Abstract

Current U.S. electricity markets select supply bids by using a bid cost minimization (BCM) auction mechanism but then settle the payments based on locational marginal prices (LMPs). The resulting payments can be significantly higher than the minimized bid costs. An alternative payment cost minimization (PCM) mechanism aiming to minimize the total payments has been discussed. Studies on single product problems have shown that PCM leads to reduced payments, but few results have been reported for the co-optimization of energy and other products. In view that co-optimization leads to a more efficient capacity allocation than optimizing each product individually, it is important to investigate the PCM co-optimization problems, and solve them in standard MIP solvers for a fair comparison with BCM. In PCM, prices are decision variables and need to be appropriately defined.
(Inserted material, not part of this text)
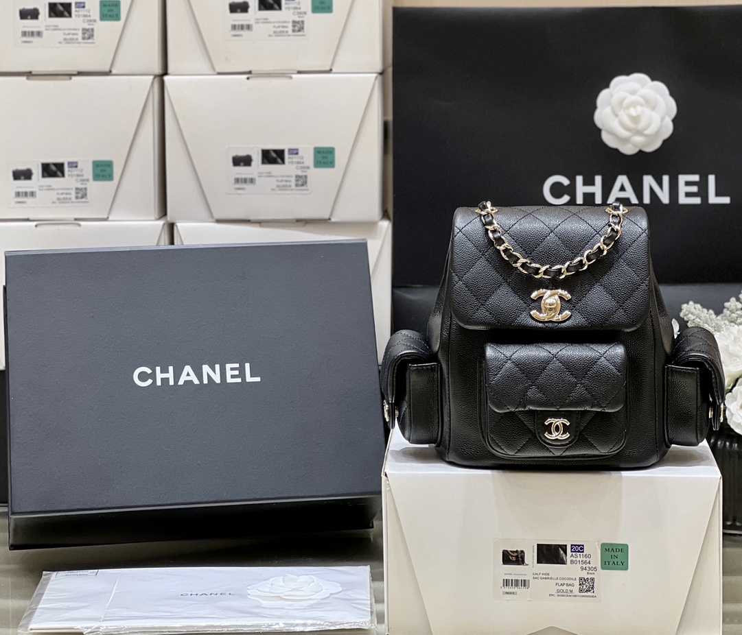Chanle 23K Duma Small Backpack Black Caviar

We characterized marginal price-setting units by using logical constraints and converted them to linear forms since linearity is required by the standard MIP solvers. The nonlinear cross-product in PCM objective function, however, cannot be converted to linear forms. Based on our recent results on surrogate optimization, a method is developed to deal with nonlinearity. Prices are first fixed at their values at the previous iteration to obtain linear formulation, and are then updated using price definition if the surrogate condition is satisfied. Numerical testing results of small examples and a 24-bus example demonstrate the effectiveness and efficiency of the method.